Example 2: Qcut() vs Cut()
Let’s have a DataFrame that holds 12 integers in both “values1” and “values2” columns. Now, using cut(), create two bins. And using qcut(), create 2 quantiles for the “values2” column.
numeric=pandas.DataFrame({'values1':[12,34,56,44,45,34,45,32,67,89,100,34],
'values2':[11,22,33,44,55,66,77,88,99,100,12,12]})

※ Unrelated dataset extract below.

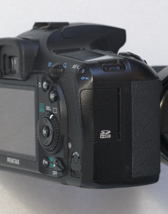 Um die Klappe vor dem Speicherkartenschacht zu öffnen, muss sie über eine Vorrichtung auf der Rückseite der Kamera entriegelt werden. Dieser aufwendige Mechanismus wurde beim Nachfolger, der Pentax K-7 aufgegeben. Die K20D hat einen Ein- und Aus-Schalter für die Anti-Shake Funktion. Der ist sehr praktisch, weil man dafür nicht im Menue suchen und klicken muss.

# Create 2 quantiles for values2 column
numeric['qcut()'] = pandas.qcut(numeric['values2'], q=2)
# Create 2 bins for values2 column
numeric['cut()'] = pandas.cut(numeric['values2'], bins=2)
print(numeric['qcut()'])
print()
print(numeric['cut()'])
Output:
Explanation:
Now, you see the actual difference:
The qcut() groups the data into equal parts. Six (6) values come under (10.999, 49.5] and another 6 under (49.5, 100.0]. Whereas in cut(), 7 values come under (10.911, 55.5] and another 5 values come under (10.911, 55.5].
Conclusion
We discussed about the cut() and qcut()functions to bin the data in Pandas Python. We saw the syntax of both functions and described their parameters to help you while using those functions. In the examples of this tutorial, we showed you how to segment the data into bins, label the bins, and how to use the equal-sized binning data using cut() and qcut() functions. Now, you may be able to bin the data on your own using these functions.